Article Date:  Jun 19 2007

Taking the public route and going head-to-head with the City is a dream for many entrepreneurs. Aside from the potential financial rewards, it will be a rigorous test of your business acumen.

The Alternative Investment Market (AIM) continues to be the junior stock market of choice for ambitious companies from the UK and from around the world.

A total of 362 companies joined AIM in 2006, raising £9.4 billion. To put this figure in context, £10 billion was raised in the five years to December 2005. Of the aforementioned new issues, 281 were admitted following a fundraising and 81 joined via an introduction. These figures include 31 companies that transferred from the Official List of the London Stock Exchange, compared to 40 in 2005.

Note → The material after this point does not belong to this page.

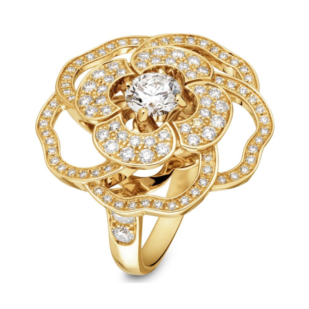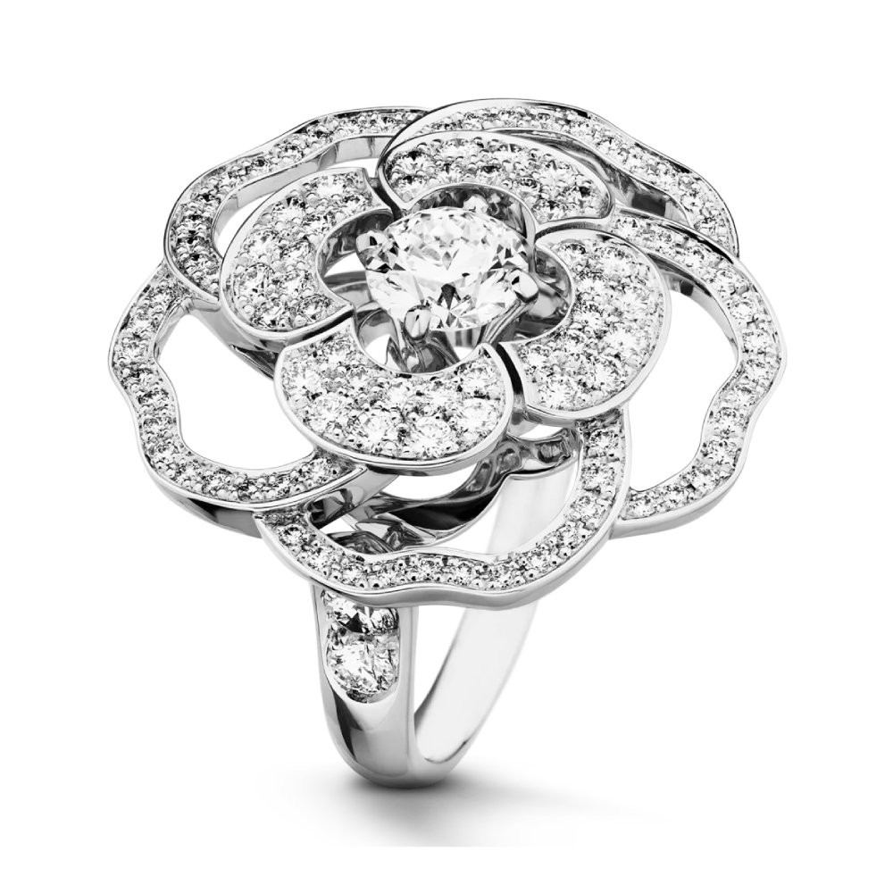 Кольцо воссоздает камелию в момент расцвета. Первый слой лепестков щедро усыпан бриллиантами, чье сияние подчеркивает расположенные в центре тычинки из бриллиантов круглой огранки общим весом 0,7 карата. Второй слой лепестков, очерченный бриллиантами из драгоценного металла, создает эффектную игру объемов и текстур, характерную для ювелирных изделий Дома Chanel. Это художественное выражение, сочетающее иллюзию и реальность, является отличительной чертой коллекции «Camélia».

The average fundraising in 2006 was £33.47 million, a notable difference to the average of £16.78 million in 2005 and £4.64 million in 2001. The benefits of choosing the AIM route include significant tax breaks for investors and shareholders and cash-rich institutional investors (now in control of 56.7 per cent of AIM shares, as opposed to 35.2 per cent in 2005).

A freer spirit
While the regulations for listing on AIM have tightened, it remains closer to the spirit of the buccaneering entrepreneur than other markets, particularly in the US where the Sarbanes-Oxley Act continues to produce high compliance costs for CEOs and FDs. On AIM, one of the new requirements for its 1,645 companies is that you must have a website with good corporate information. It’s in stark contrast to the US where you can receive a hefty fine, bad PR or a prison sentence for a faulty compliance statement on internal controls.

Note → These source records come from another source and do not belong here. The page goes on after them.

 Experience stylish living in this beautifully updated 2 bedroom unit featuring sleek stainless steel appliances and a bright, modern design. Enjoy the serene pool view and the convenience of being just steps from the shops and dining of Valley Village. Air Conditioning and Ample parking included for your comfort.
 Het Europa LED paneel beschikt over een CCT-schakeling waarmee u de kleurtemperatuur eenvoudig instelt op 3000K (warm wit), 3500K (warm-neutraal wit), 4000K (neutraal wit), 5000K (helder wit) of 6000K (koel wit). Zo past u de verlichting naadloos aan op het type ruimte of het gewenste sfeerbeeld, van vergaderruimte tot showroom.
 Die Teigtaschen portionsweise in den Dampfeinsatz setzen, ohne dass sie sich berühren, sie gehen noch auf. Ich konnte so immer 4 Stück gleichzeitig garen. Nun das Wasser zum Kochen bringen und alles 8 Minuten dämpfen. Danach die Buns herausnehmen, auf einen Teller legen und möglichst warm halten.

In addition, AIM is a cheaper option when you put it next to going public on the Official List (you will spend between 8 and 12 per cent of the money you hope to raise on your nominated adviser, broker, accountant and lawyer). What is clear is that, whatever your reasons for considering a float, you can save time, money and anguish by studying the views of some of the most successful and experienced professionals advising companies on floating.

Among the winners of the 2007 Growth Company Awards (run by Growth Company Investor, a sister publication of GrowthBusiness.co.uk) are four firms well versed in steering companies onto the stockmarket. They have clear ideas about the steps you must take if you want to tap the investing public.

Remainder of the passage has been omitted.